Try it :: Repeat only the lines from the one that contains "Dieses küche, ist" through the final line of the listing below, exactly, please, without pictures.

Available data ::
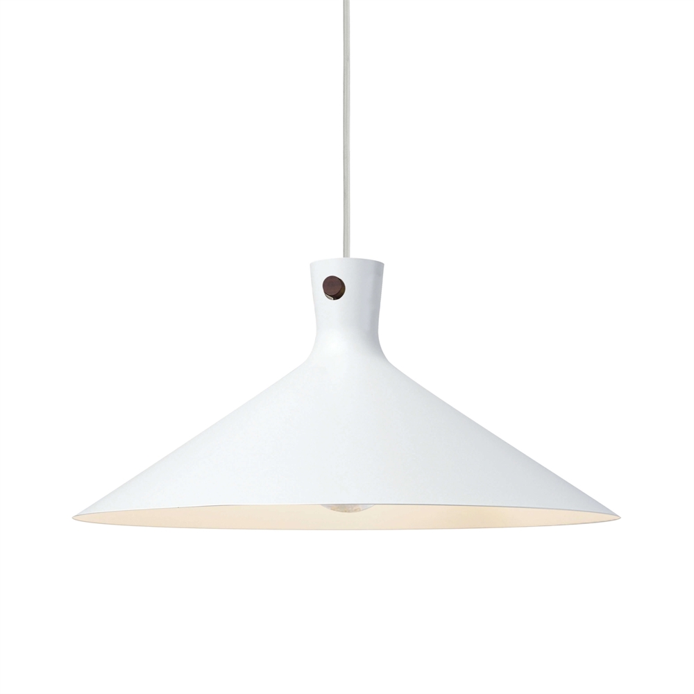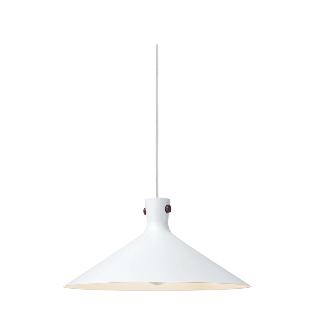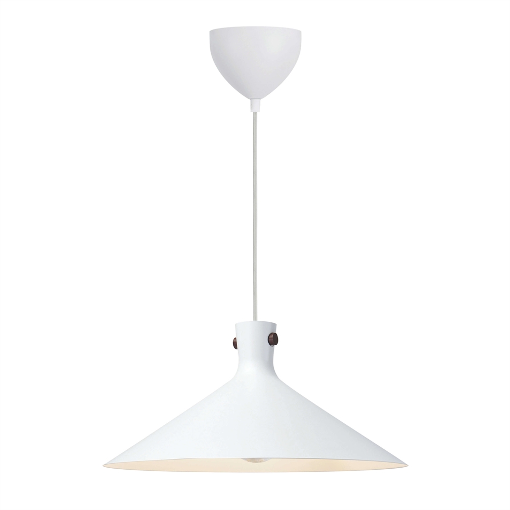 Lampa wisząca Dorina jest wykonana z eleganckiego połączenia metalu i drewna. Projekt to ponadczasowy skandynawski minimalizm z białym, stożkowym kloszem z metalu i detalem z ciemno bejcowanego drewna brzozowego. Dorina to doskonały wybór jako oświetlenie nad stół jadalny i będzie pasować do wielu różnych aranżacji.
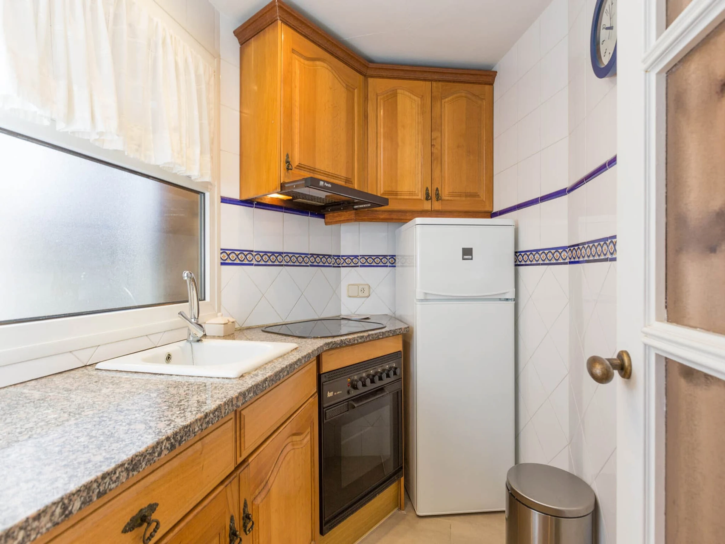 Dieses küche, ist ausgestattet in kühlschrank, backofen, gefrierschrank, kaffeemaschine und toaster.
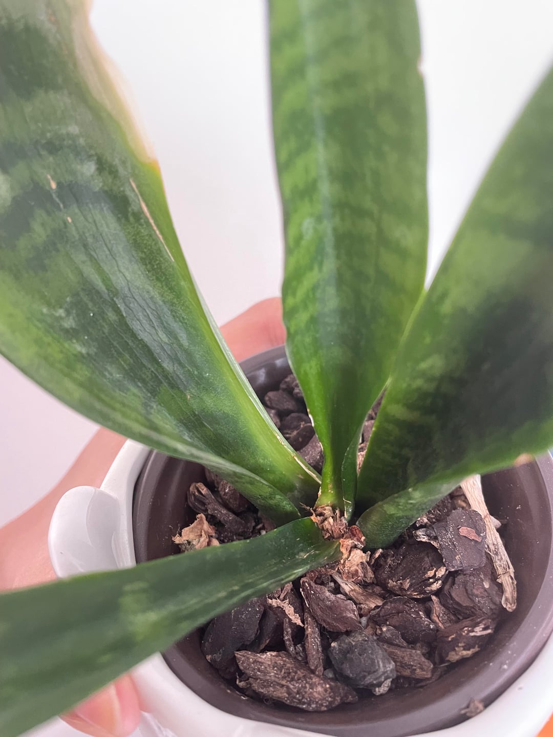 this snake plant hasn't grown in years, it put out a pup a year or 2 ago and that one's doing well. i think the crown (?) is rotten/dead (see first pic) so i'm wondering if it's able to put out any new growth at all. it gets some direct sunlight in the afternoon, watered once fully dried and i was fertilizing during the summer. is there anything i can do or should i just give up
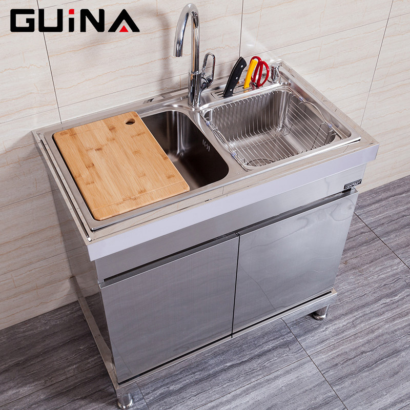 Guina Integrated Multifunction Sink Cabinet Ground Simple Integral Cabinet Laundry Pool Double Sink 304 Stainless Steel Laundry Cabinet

Reply ::
 Dieses küche, ist ausgestattet in kühlschrank, backofen, gefrierschrank, kaffeemaschine und toaster.
 this snake plant hasn't grown in years, it put out a pup a year or 2 ago and that one's doing well. i think the crown (?) is rotten/dead (see first pic) so i'm wondering if it's able to put out any new growth at all. it gets some direct sunlight in the afternoon, watered once fully dried and i was fertilizing during the summer. is there anything i can do or should i just give up
 Guina Integrated Multifunction Sink Cabinet Ground Simple Integral Cabinet Laundry Pool Double Sink 304 Stainless Steel Laundry Cabinet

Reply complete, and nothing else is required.